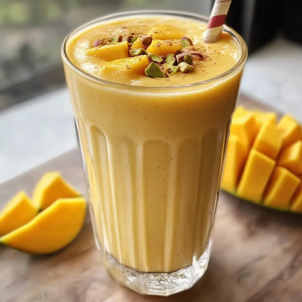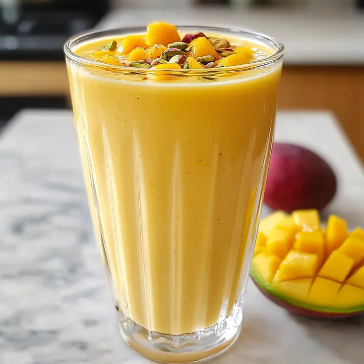 Wenn ich an einen sommerlichen Tag in Indien denke, kommt mir sofort der Gedanke an ein erfrischendes Getränk, das jeden Schluck zu einem kleinen Urlaub für die Sinne macht: der Cremiger Mango Lassi Rezept. Diese köstliche Mischung vereint die süße Frische von reifen Mangos, die mit dem cremigen Geschmack von griechischem Joghurt kombiniert wird. Ideal für warme Nachmittage oder als gesunder Snack, bietet dieser lassi nicht nur eine angenehme Abkühlung, sondern bleibt auch leicht und bekömmlich. Und das Allerbeste? Die Zubereitung geht superschnell, sodass du ihn in wenigen Minuten genießen kannst! Bist du bereit, deine Geschmacksnerven auf eine tropische Reise zu schicken? Warum wirst du dieses Rezept lieben? Einfachheit: Die Zubereitung ist ein Kinderspiel und erfordert lediglich ein paar grundlegende Küchenfähigkeiten. Innerhalb von Minuten kannst du dir ein erfrischendes Getränk zaubern. Fruchtige Frische: Die Kombination aus süßen, reifen Mangos und cremigem griechischen Joghurt sorgt für einen Geschmack, der sowohl deliziös als auch erfrischend ist. Gesunde Wahl: Dank seiner fettarmen Zutaten ist der Mango Lassi nicht nur köstlich, sondern auch leicht und nährstoffreich. Ein perfekter Snack für warme Tage! Kulturelles Flair: Dieser Lassi ist mehr als nur ein Getränk; er bringt die Aromen Indiens zu dir nach Hause und macht jeden Schluck zu einem Erlebnis. Variabilität: Du kannst mit der Rezeptur experimentieren, verschiedene Früchte oder Gewürze hinzufügen und so deinen ganz persönlichen Dreh kreieren. Crowd-Pleaser: Perfekt für gesellige Anlässe; dieser Lassi ist ein Hit auf jeder Feier und begeistert Familie und Freunde gleichermaßen. Eventuell möchtest du ihn auch zu leckeren Snacks wie Samosas oder Pakoras servieren. Cremiger Mango Lassi Zutaten Für den Lassi • Mango – Sorgt für natürliche Süße und lebhafte Farbe; verwende vollreife Mangos für optimale Cremigkeit. • Fettfreier griechischer Joghurt – Verleiht Cremigkeit und einen leicht säuerlichen Geschmack; kann durch Kokosjoghurt als milchfreie Option ersetzt werden. • Fettfreie Milch – Balanciert die Konsistenz; Mandelmilch oder andere pflanzliche Milchsorten sind gute, milchfreie Alternativen. • Süßungsmittel nach Wahl – Verstärkt die Süße; optional je nach Reife der Mangos—Honig oder Agavennektar eignen sich hervorragend. • Eiswürfel – Sorgt für ein erfrischendes, gekühltes Getränk; passe die Menge für die gewünschte Dicke an. Für die Garnitur • Gemahlenen Kardamom – Gibt dem Lassi einen aromatischen Touch; ein wenig genügt, um den Geschmack zu intensivieren. • Gehackte Pistazien – Fügen Knusprigkeit und Farbe hinzu; ideal für einen zusätzlichen Crunch. • Minzblätter – Frisch und duftend; bringen ein wenig Frische in die Präsentation des Getränks. Mit diesen einfachen Zutaten kannst du den leckeren Cremiger Mango Lassi Rezept zubereiten und die Sonne Indiens in dein Zuhause bringen! Schritt-für-Schritt-Anleitung für das Cremiger Mango Lassi Rezept Step 1: Mango vorbereiten Schäle die reife Mango mit einem scharfen Messer und schneide sie in kleine Stücke. Achte darauf, nur die saftigsten Teile zu verwenden, um einen vollmundigen Geschmack zu gewährleisten. Du benötigst etwa eine Tasse Mango, die nach süßem Aroma duftet und leicht nachgibt, wenn du sie drückst. Step 2: Zutaten kombinieren Gib die vorbereiteten Mangostücke in einen leistungsstarken Mixer. Füge nun den fettfreien griechischen Joghurt, etwa eine halbe Tasse fettfreie Milch und dein gewähltes Süßungsmittel hinzu. Versichere dich, dass alles gut vermischt werden kann, indem du den Deckel des Mixers sicher schließt, um Spritzer zu vermeiden. Step 3: Eiskalte Erfrischung Füge nun eine Handvoll Crushed Ice in den Mixer hinzu, um den Mango Lassi kalt und erfrischend zu machen. Mixe die Zutaten auf hoher Stufe für etwa 30 Sekunden, bis eine cremige und glatte Konsistenz erreicht ist. Achte darauf, dass keine Stückchen mehr vorhanden sind; der Lassi sollte gleichmäßig und samtig wirken. Step 4: Servieren Gieße den cremigen Mango Lassi in hohe Gläser und achte darauf, ihn umgehend zu servieren, damit er frisch bleibt. Um die Präsentation zu verfeinern, kannst du optional gemahlenen Kardamom, gehackte Pistazien oder einige Minzblätter darüber streuen. Diese Garnituren geben deinem Cremiger Mango Lassi Rezept den letzten Schliff. Cremiger Mango Lassi Rezept Variationen Lass deiner Kreativität freien Lauf und passe dieses erfrischende Getränk nach deinem Geschmack an! Milchfrei: Ersetze den griechischen Joghurt durch Kokosjoghurt für eine exotische, pflanzliche Variante. Der Kokosgeschmack ergänzt die Mango wunderbar und sorgt für einen tropischen Genuss. Zusätzliche Süße: Verwende statt Honig oder Agave auch Dattelsirup. Dattelsirup ist nicht nur süß, sondern verleiht zudem einen reichen, karamellartigen Geschmack. Fruchtige Vielfalt: Tausche die Mango gegen andere Früchte wie Ananas oder Erdbeeren aus. Jede Frucht bringt ihr eigenes Aroma ein und sorgt für aufregende Geschmackserlebnisse. Würzige Note: Füge eine Prise Zimt oder Muskatnuss hinzu, um dem Lassi eine warme, würzige Dimension zu verleihen. Diese Gewürze harmonisieren perfekt mit der Süße der Mango. Extra Crunch: Streue geröstete Mandeln oder Walnüsse als Topping darüber, um einen knackigen Kontrast zur cremigen Textur zu bieten. Diese Nüsse bringen nicht nur Crunch, sondern auch gesunde Fette. Kalte Erfrischung: Verwende gefrorene Mangostücke anstelle von frischen, um einen besonders kühlen und erfrischenden Lassi zu kreieren. Das macht ihn perfekt für heiße Sommertage! Geschmackskombination: Kombiniere Mango mit anderen tropischen Früchten wie Papaya oder Kiwi für eine fruchtige Explosion. Jedes Schlückchen wird so ein aufregendes Erlebnis. Schärfe hinzufügen: Ein kleiner Spritzer Limettensaft oder ein Hauch von frischem Ingwer bringt eine spannende Säure und Sch
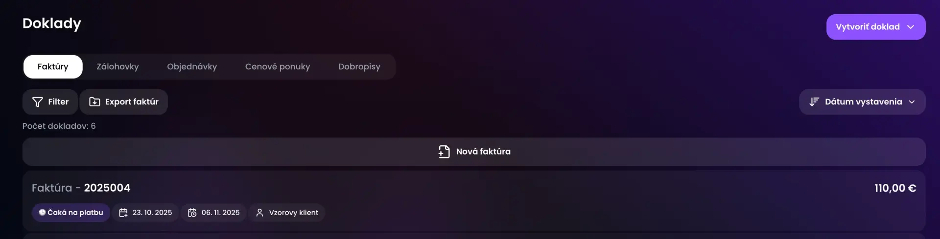 3. V hlavnom menu prejdite na "Doklady" a rozkliknite si faktúru, pre ktorú chcete vytvoriť dodací list
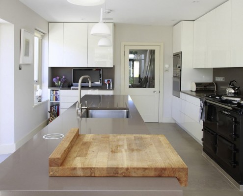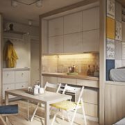 - сэкономить пространство также поможет встраиваемая мебель и техника, а столешницы основной гарнитуры или островка могут быть складными.
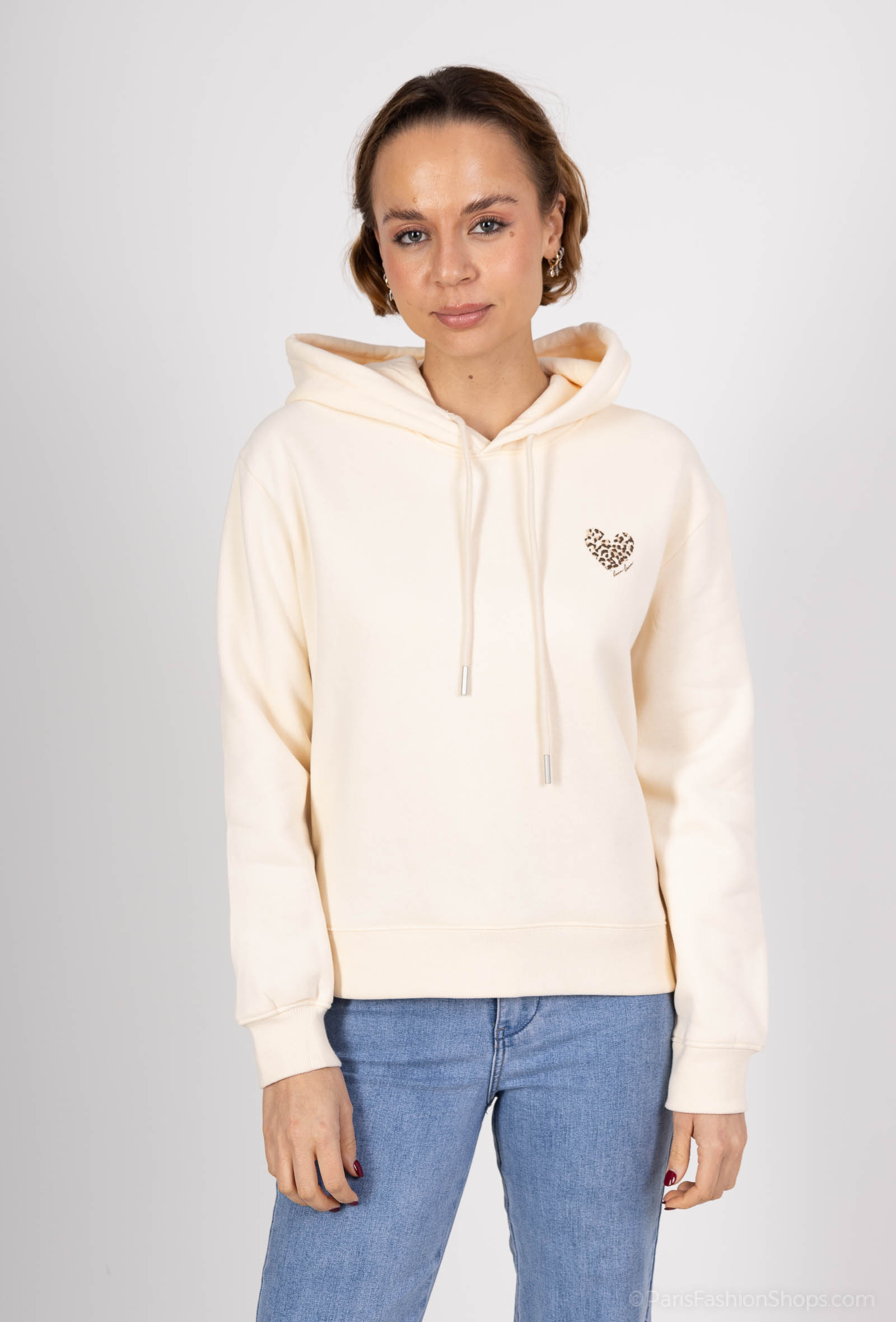 Craquez pour ce sweat à capuche beige au style unique, sublimé par un grand coeur imprimé léopard.
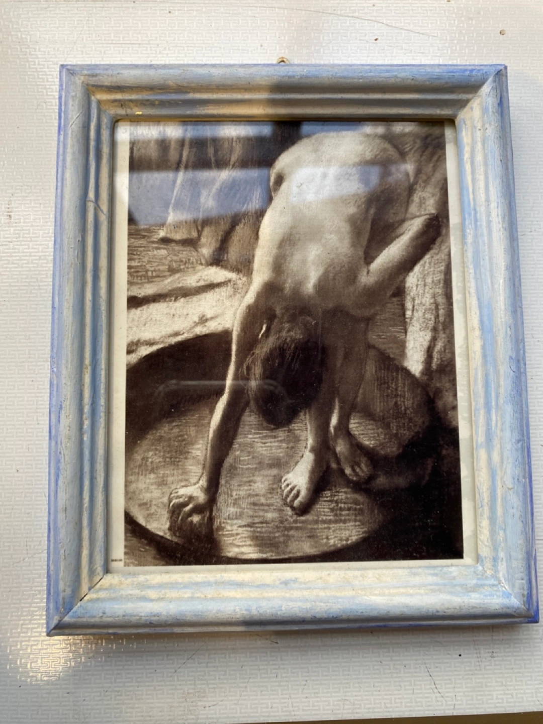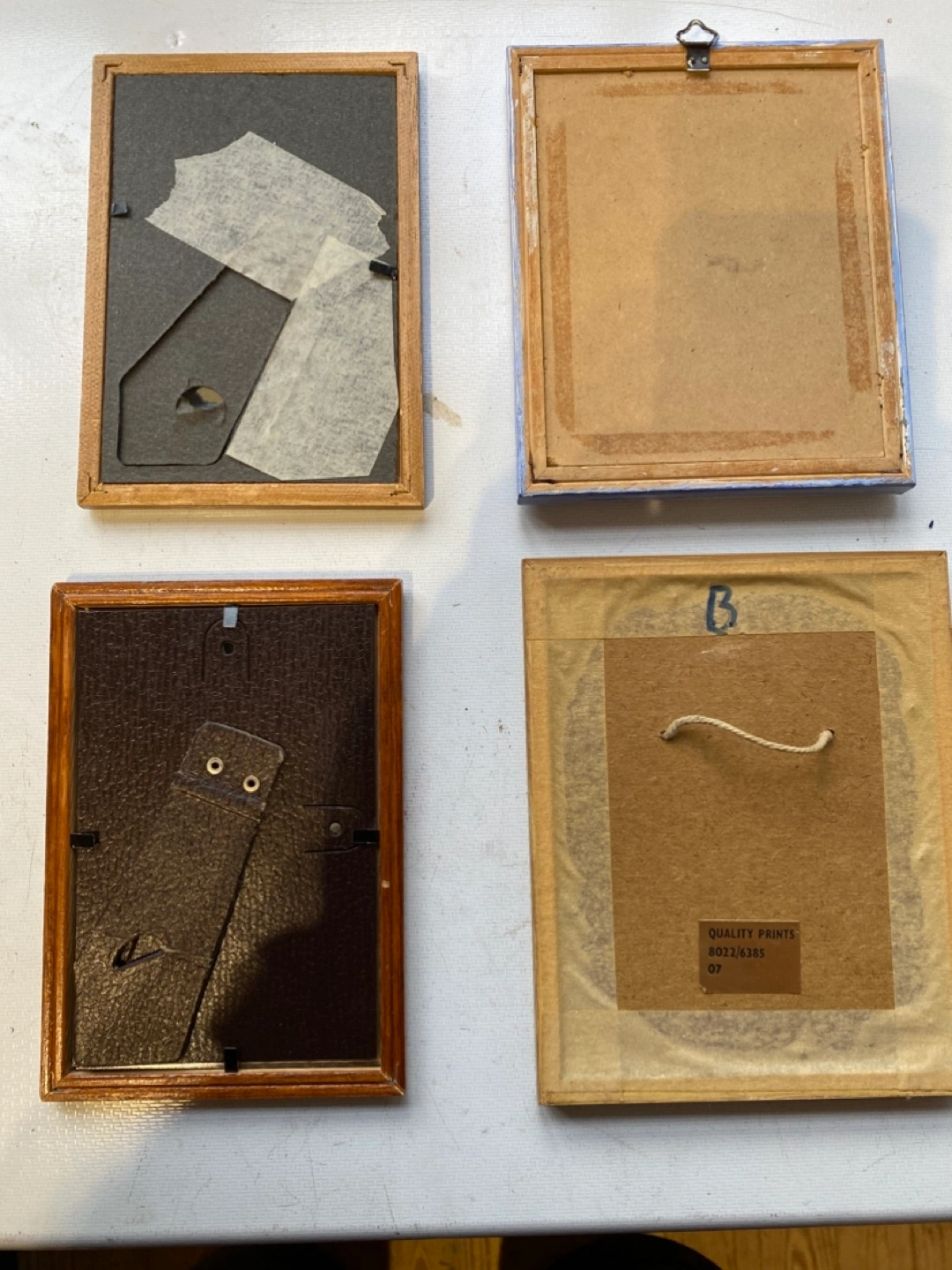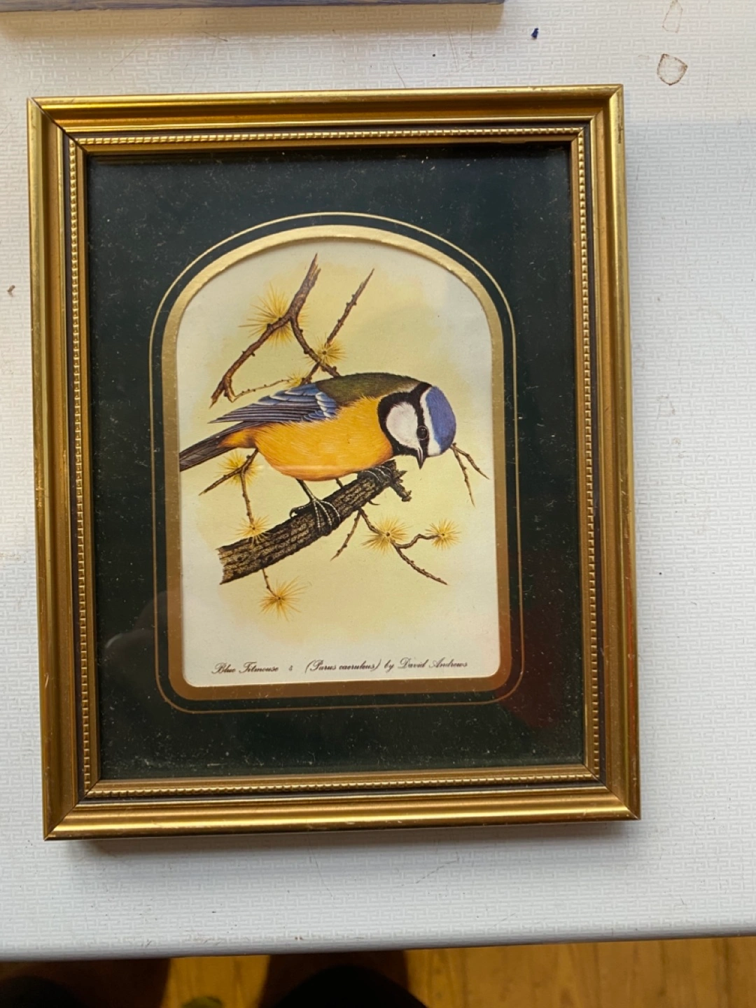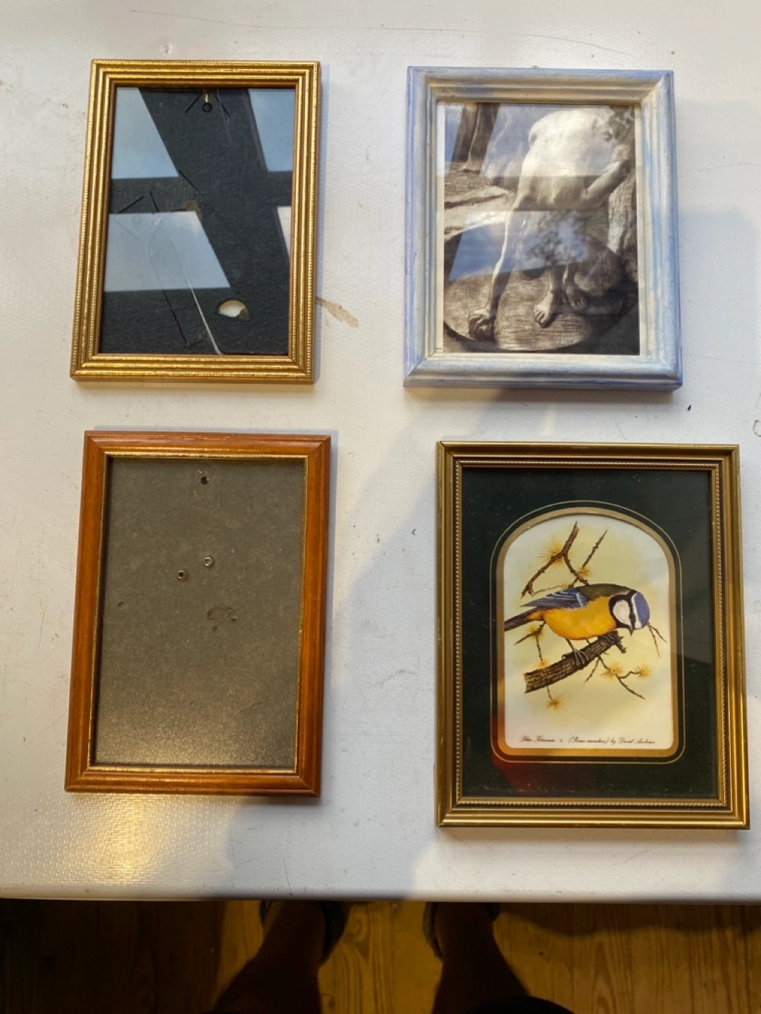 1 reviewA selection of picture frames in various styles and colours. One frame includes a print of a blue tit, and the other one is off someone looks like washing a big bowl, two will hang from the wall and two of them will sit on the table or shelf or side board or wherever you want them to be, as pictured above thanks for looking Tony.
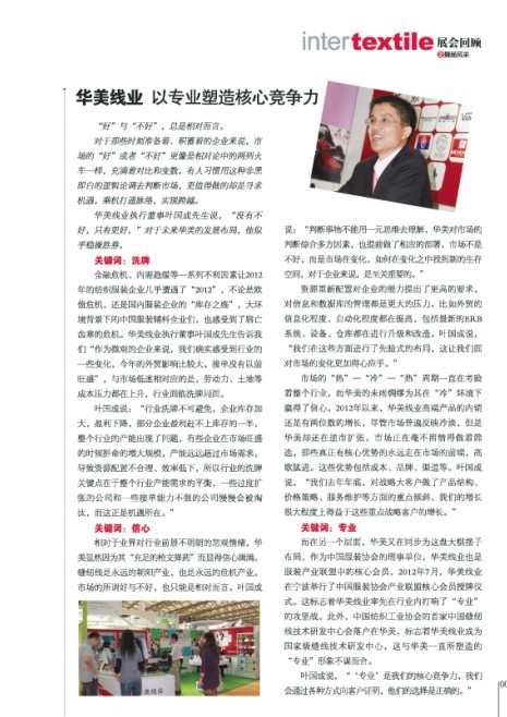 而在另一個層面,華美又在同步為這盤大棋擺子布局,作為中國服裝協(xié)會的理事單位,華美線業(yè)也是服裝產(chǎn)業(yè)聯(lián)盟中的核心會員,2012年7月,華美線業(yè)在寧波舉行了中國服裝協(xié)會產(chǎn)業(yè)聯(lián)盟核心會員授牌儀式。這標志著華美線業(yè)率先在行業(yè)內打響了“專業(yè)”的攻堅戰(zhàn)。此外,中國紡織工業(yè)協(xié)會的首家中國縫紉線技術研發(fā)中心會落戶在華美,標志著華美線業(yè)成為*********縫線技術研發(fā)中心,這與華美一直所塑造的“專業(yè)”形象不謀而合。
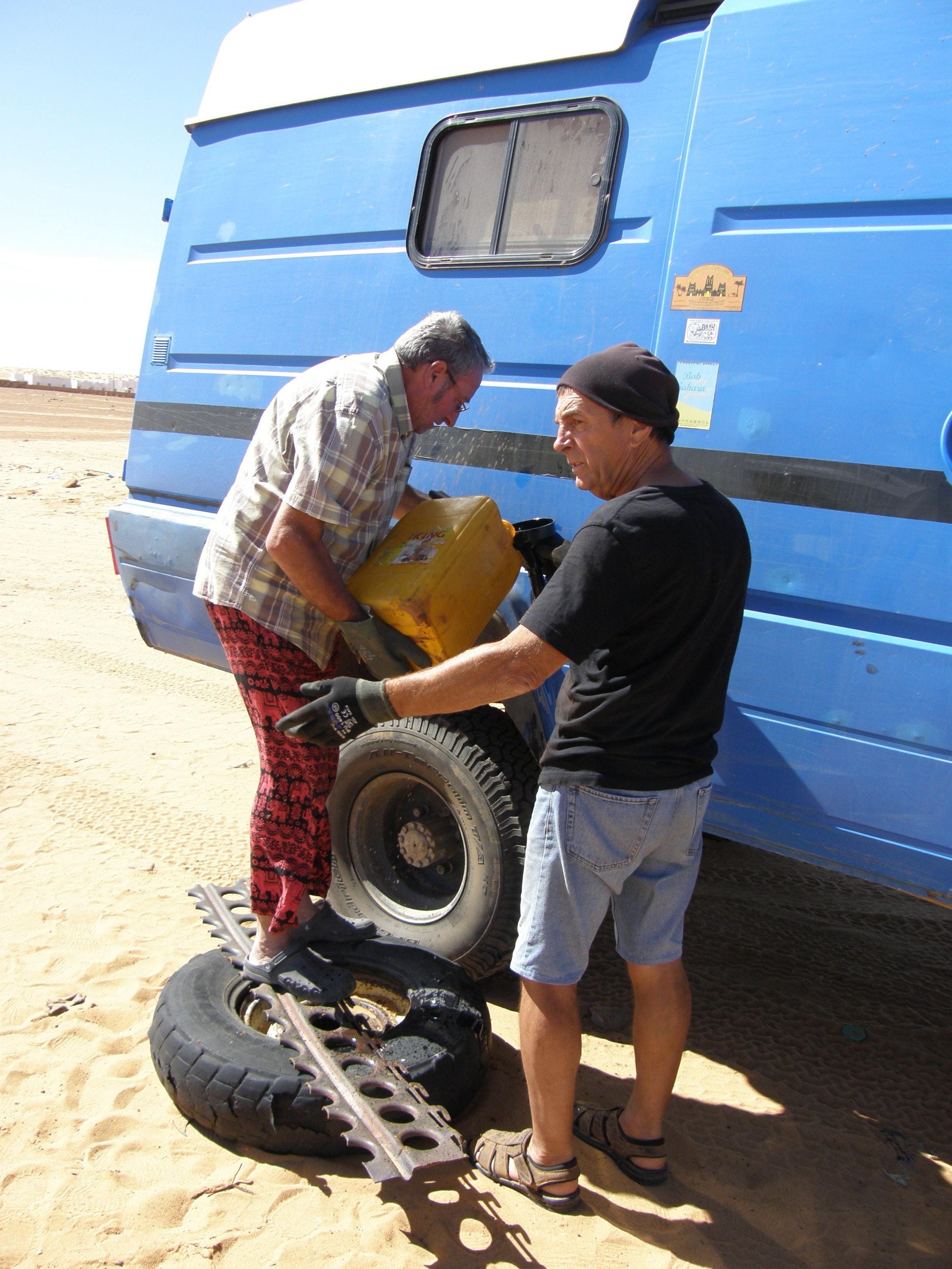 Panne de gazole à 30 km d' un point de ravitaillement Panne de liquide de refroidissement , ils n'avaient plus d'eau et avaient déjà vidangé les véhicules transportés Des pleins mémorables à Ouadanne

YOUR ASSIGNMENT:
What lines above run from the one with "3. V hlavnom" to the one with "1 reviewA selection"? Give them again exactly, ends included, and leave the pictures out.

YOUR RESPONSE:
 3. V hlavnom menu prejdite na "Doklady" a rozkliknite si faktúru, pre ktorú chcete vytvoriť dodací list
 - сэкономить пространство также поможет встраиваемая мебель и техника, а столешницы основной гарнитуры или островка могут быть складными.
 Craquez pour ce sweat à capuche beige au style unique, sublimé par un grand coeur imprimé léopard.
 1 reviewA selection of picture frames in various styles and colours. One frame includes a print of a blue tit, and the other one is off someone looks like washing a big bowl, two will hang from the wall and two of them will sit on the table or shelf or side board or wherever you want them to be, as pictured above thanks for looking Tony.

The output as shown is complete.